- [AVAILABLE DATA]:
- - - - -
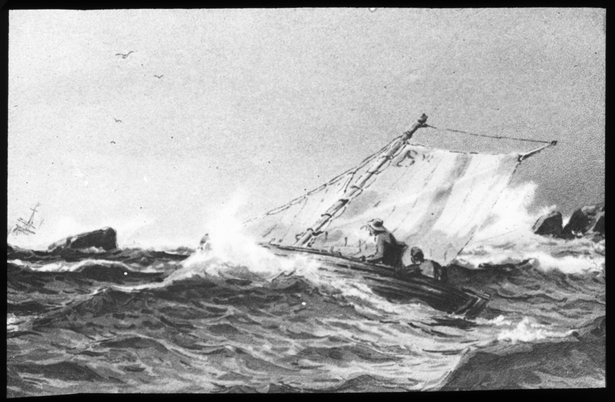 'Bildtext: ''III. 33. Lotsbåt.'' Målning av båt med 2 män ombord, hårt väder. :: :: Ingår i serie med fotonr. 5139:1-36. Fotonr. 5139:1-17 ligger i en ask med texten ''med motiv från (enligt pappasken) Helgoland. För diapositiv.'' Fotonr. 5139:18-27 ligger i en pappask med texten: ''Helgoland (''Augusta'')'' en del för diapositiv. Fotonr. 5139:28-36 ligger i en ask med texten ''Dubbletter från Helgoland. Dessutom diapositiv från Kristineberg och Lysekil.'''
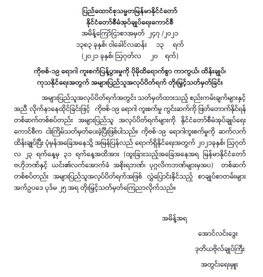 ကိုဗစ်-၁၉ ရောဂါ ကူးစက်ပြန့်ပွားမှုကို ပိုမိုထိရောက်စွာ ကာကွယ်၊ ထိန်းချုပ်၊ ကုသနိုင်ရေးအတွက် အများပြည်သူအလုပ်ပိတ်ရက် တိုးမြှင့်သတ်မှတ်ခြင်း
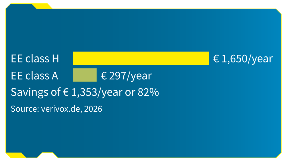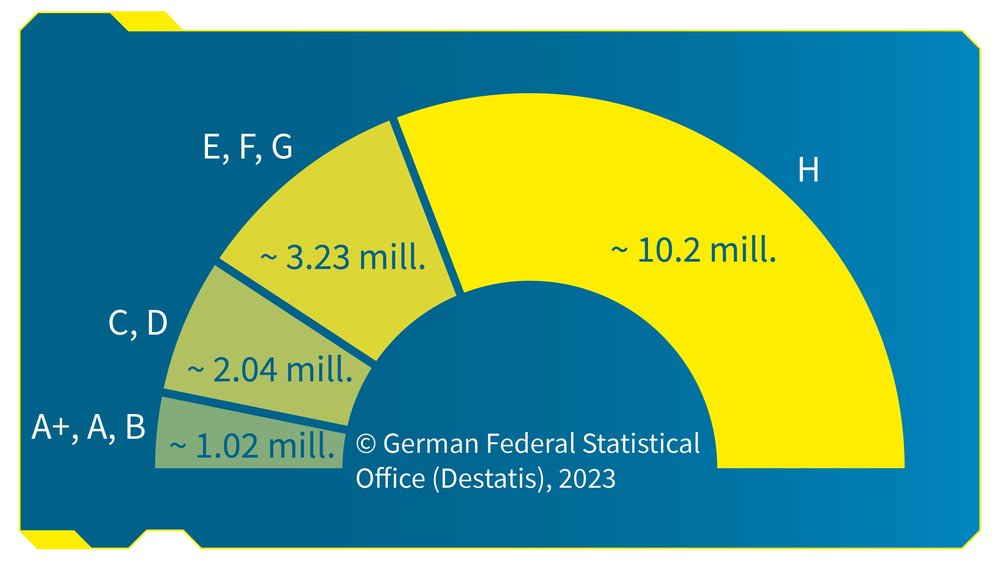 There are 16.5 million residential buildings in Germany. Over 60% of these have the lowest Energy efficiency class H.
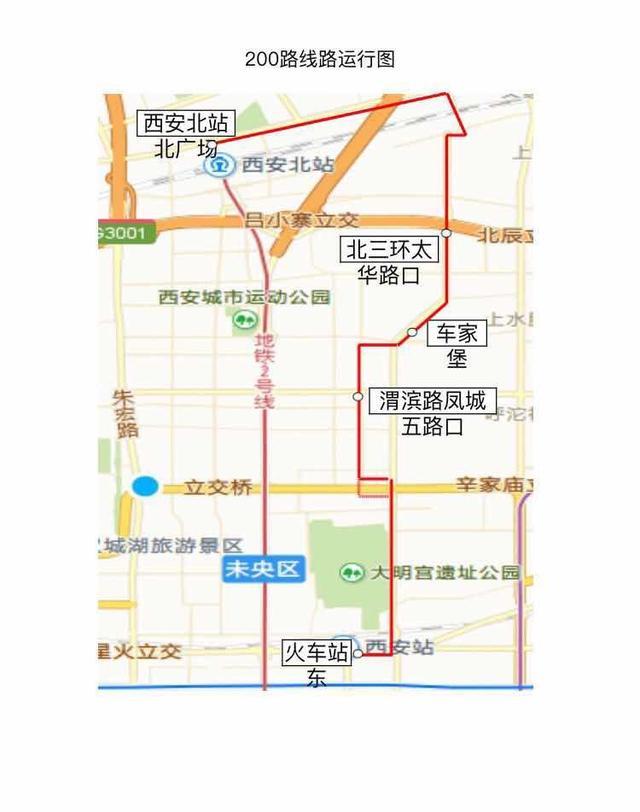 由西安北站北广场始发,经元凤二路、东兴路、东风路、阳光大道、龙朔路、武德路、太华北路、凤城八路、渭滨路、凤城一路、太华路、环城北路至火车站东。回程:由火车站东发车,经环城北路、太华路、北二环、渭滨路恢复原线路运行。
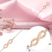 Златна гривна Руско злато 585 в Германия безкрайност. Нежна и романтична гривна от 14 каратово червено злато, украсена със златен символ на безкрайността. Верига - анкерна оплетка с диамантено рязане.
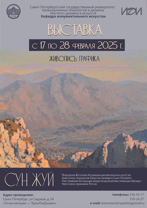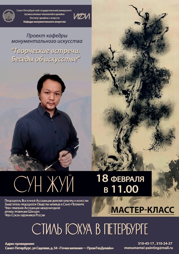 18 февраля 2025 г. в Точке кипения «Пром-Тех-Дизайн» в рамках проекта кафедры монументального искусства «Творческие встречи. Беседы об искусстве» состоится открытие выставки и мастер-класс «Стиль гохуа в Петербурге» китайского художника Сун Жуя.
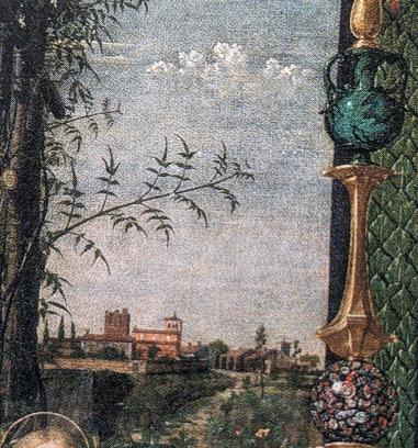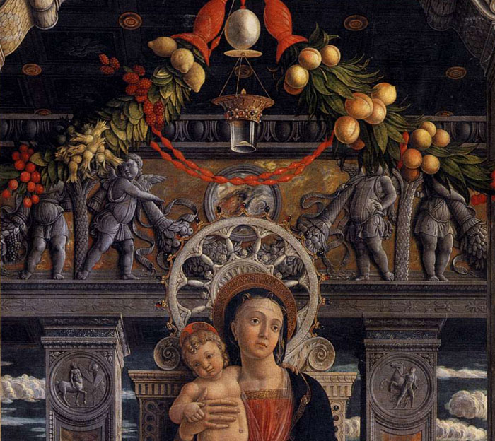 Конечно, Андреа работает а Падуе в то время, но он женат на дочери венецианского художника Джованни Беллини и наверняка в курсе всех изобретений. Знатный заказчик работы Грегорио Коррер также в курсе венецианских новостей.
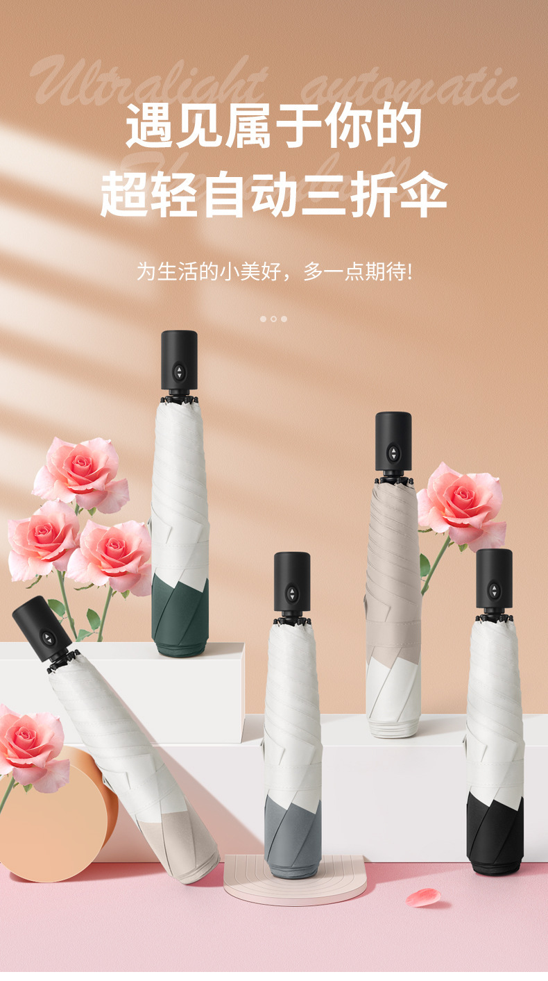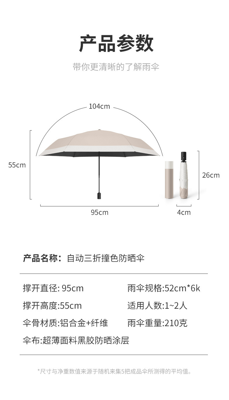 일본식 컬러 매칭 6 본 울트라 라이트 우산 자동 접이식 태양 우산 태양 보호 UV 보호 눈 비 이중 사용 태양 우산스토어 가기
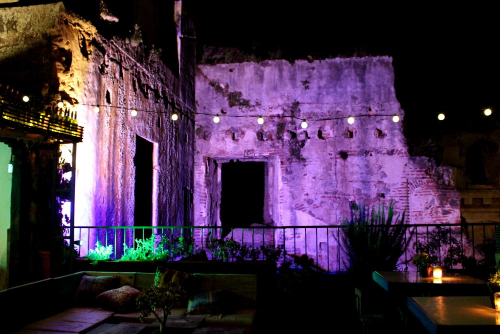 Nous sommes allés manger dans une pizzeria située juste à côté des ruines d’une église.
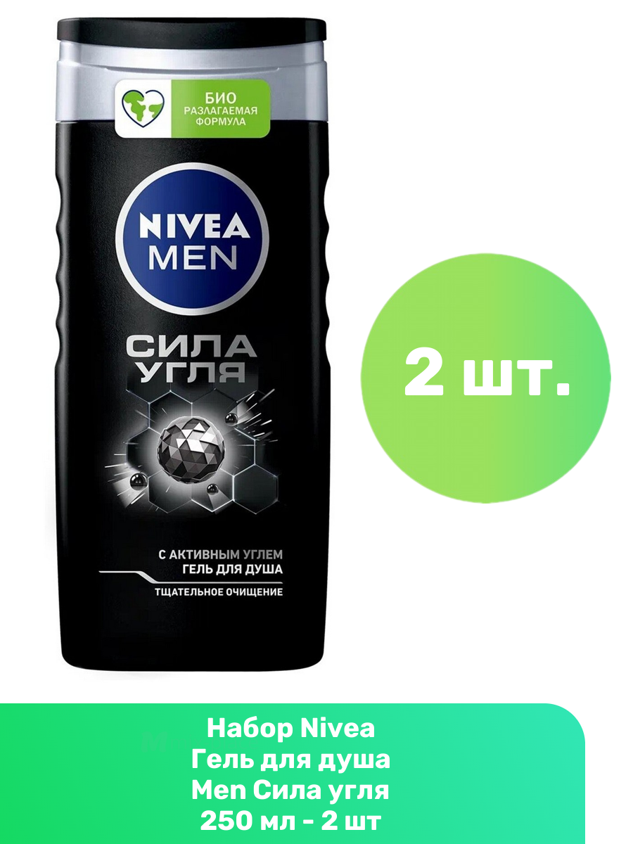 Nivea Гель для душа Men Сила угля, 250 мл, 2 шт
- - - - -
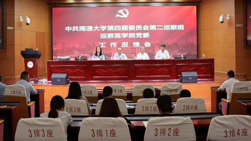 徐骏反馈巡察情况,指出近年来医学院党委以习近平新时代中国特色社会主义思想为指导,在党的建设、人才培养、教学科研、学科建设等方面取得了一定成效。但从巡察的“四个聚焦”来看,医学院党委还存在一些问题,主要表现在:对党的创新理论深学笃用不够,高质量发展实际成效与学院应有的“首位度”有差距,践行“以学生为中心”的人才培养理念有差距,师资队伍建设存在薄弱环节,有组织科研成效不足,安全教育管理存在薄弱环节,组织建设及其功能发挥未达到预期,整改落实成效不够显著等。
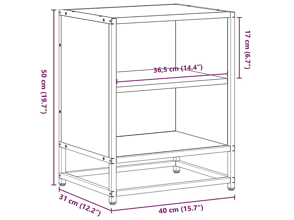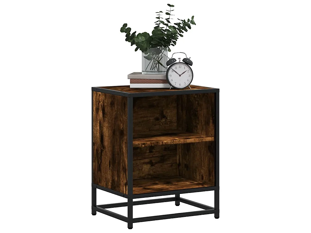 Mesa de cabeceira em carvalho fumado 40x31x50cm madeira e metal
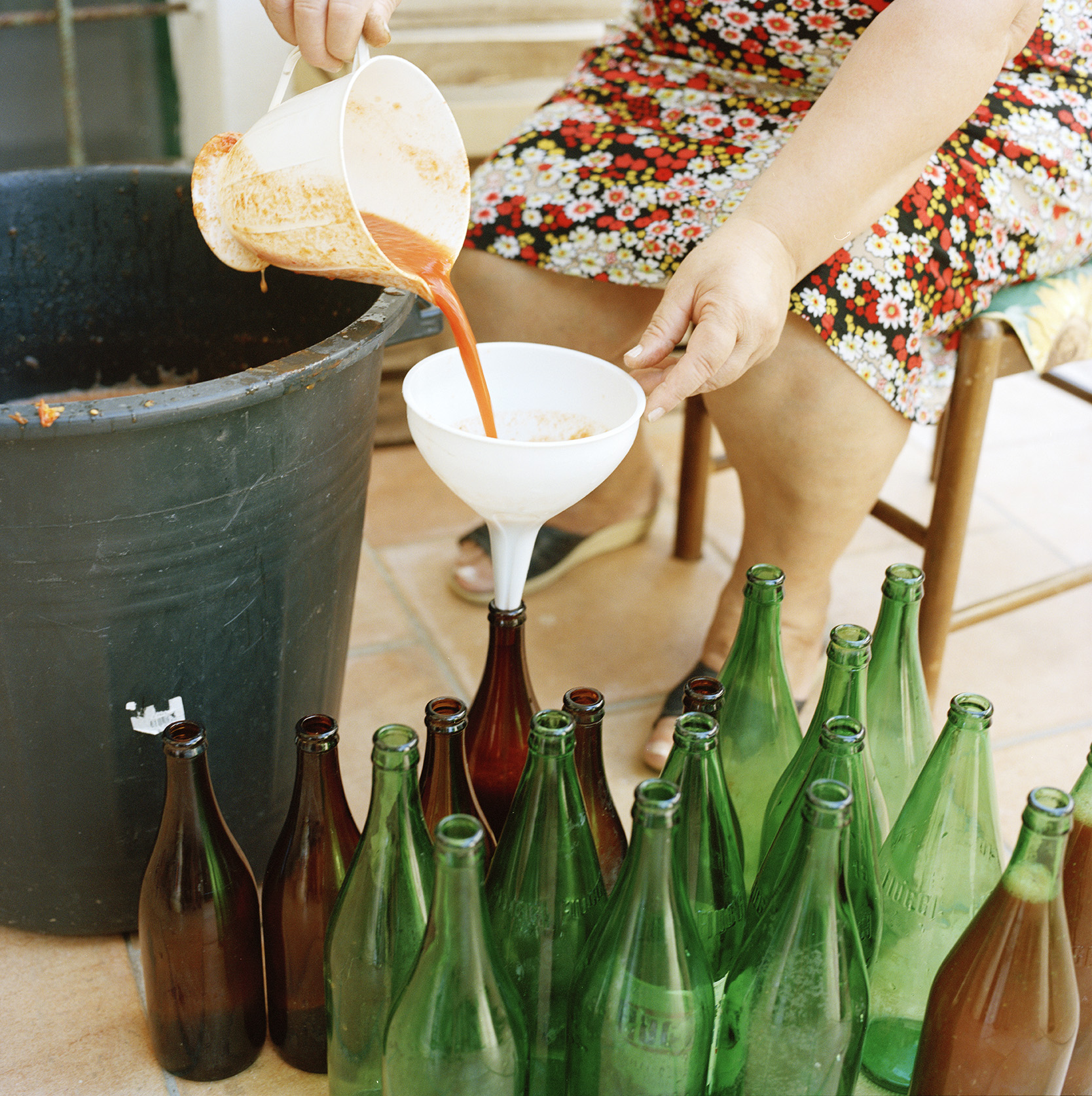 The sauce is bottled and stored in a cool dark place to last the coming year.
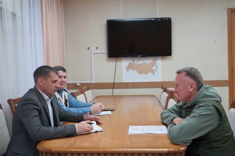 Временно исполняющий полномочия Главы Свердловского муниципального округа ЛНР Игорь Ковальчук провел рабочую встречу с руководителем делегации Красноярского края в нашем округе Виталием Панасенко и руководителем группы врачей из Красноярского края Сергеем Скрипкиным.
- - - - -
- [WORK ORDER]:
Output exactly those lines of the data above that run from the line with "Mesa de cabeceira" up to and including the line with "Временно исполняющий полномочия". No pictures go in.

- [WRITTEN RESPONSE]:
 Mesa de cabeceira em carvalho fumado 40x31x50cm madeira e metal
 The sauce is bottled and stored in a cool dark place to last the coming year.
 Временно исполняющий полномочия Главы Свердловского муниципального округа ЛНР Игорь Ковальчук провел рабочую встречу с руководителем делегации Красноярского края в нашем округе Виталием Панасенко и руководителем группы врачей из Красноярского края Сергеем Скрипкиным.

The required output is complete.